• Data for analysis
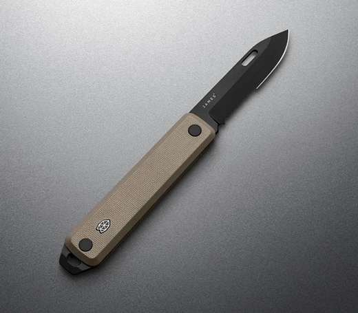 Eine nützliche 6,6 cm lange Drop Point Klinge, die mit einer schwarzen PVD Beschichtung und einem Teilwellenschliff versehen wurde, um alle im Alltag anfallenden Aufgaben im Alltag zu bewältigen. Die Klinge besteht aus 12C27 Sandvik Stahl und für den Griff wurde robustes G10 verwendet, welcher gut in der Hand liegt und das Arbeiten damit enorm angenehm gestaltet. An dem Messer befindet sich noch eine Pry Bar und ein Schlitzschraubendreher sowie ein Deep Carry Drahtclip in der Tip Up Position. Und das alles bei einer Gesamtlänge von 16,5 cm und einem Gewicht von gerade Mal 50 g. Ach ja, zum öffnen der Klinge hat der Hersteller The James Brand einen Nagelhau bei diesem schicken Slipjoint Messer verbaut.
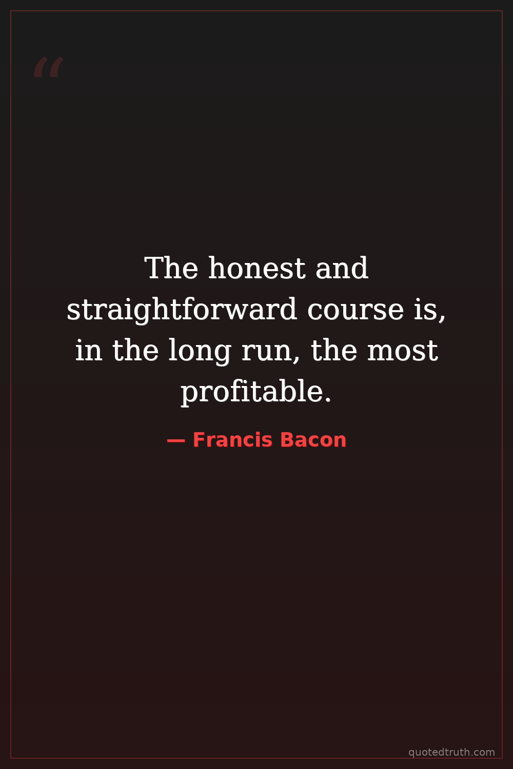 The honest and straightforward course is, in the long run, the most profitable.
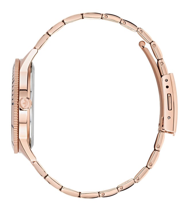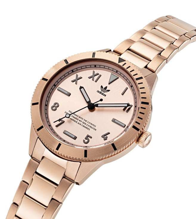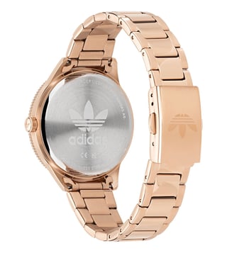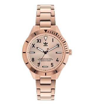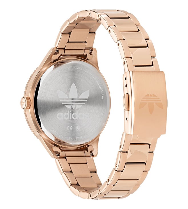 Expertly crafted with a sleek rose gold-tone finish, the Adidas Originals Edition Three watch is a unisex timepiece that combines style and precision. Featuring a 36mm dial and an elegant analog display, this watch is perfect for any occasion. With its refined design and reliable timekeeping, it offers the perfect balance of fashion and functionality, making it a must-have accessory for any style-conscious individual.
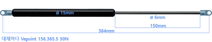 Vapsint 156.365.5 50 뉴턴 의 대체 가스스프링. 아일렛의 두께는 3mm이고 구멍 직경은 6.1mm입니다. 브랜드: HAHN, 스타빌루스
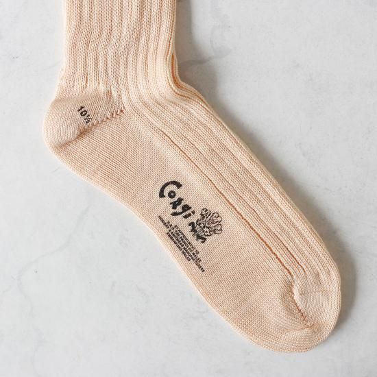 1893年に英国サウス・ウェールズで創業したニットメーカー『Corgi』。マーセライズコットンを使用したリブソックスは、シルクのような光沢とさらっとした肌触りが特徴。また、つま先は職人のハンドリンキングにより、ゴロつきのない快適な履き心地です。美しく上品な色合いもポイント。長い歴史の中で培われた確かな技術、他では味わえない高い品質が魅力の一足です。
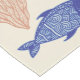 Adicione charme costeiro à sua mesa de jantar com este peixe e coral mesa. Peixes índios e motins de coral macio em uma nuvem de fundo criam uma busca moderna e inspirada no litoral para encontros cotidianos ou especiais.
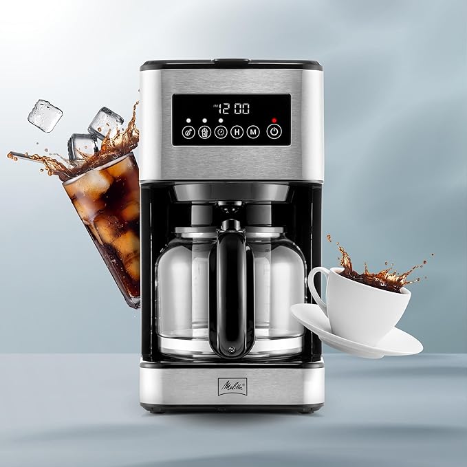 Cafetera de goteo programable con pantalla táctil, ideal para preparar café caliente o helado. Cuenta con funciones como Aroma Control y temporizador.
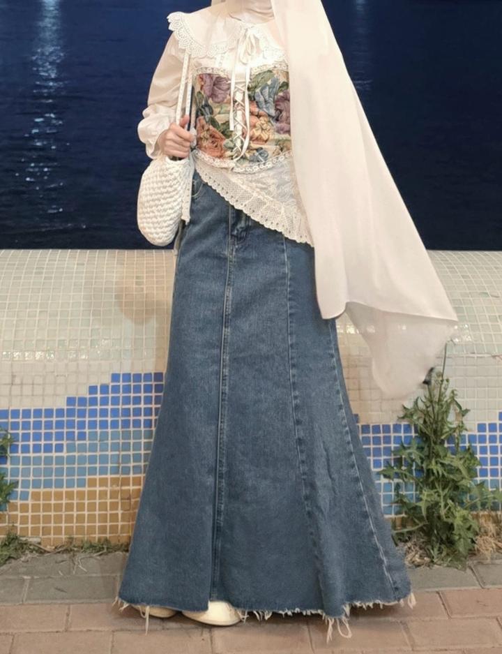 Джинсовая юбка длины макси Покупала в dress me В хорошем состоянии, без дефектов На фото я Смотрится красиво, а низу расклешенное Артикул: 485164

• Work to be completed
Start at the line above containing "The honest and" and stop at the line containing "Cafetera de goteo": print those lines and everything between them exactly, but not the pictures.

• Your response
 The honest and straightforward course is, in the long run, the most profitable.
 Expertly crafted with a sleek rose gold-tone finish, the Adidas Originals Edition Three watch is a unisex timepiece that combines style and precision. Featuring a 36mm dial and an elegant analog display, this watch is perfect for any occasion. With its refined design and reliable timekeeping, it offers the perfect balance of fashion and functionality, making it a must-have accessory for any style-conscious individual.
 Vapsint 156.365.5 50 뉴턴 의 대체 가스스프링. 아일렛의 두께는 3mm이고 구멍 직경은 6.1mm입니다. 브랜드: HAHN, 스타빌루스
 1893年に英国サウス・ウェールズで創業したニットメーカー『Corgi』。マーセライズコットンを使用したリブソックスは、シルクのような光沢とさらっとした肌触りが特徴。また、つま先は職人のハンドリンキングにより、ゴロつきのない快適な履き心地です。美しく上品な色合いもポイント。長い歴史の中で培われた確かな技術、他では味わえない高い品質が魅力の一足です。
 Adicione charme costeiro à sua mesa de jantar com este peixe e coral mesa. Peixes índios e motins de coral macio em uma nuvem de fundo criam uma busca moderna e inspirada no litoral para encontros cotidianos ou especiais.
 Cafetera de goteo programable con pantalla táctil, ideal para preparar café caliente o helado. Cuenta con funciones como Aroma Control y temporizador.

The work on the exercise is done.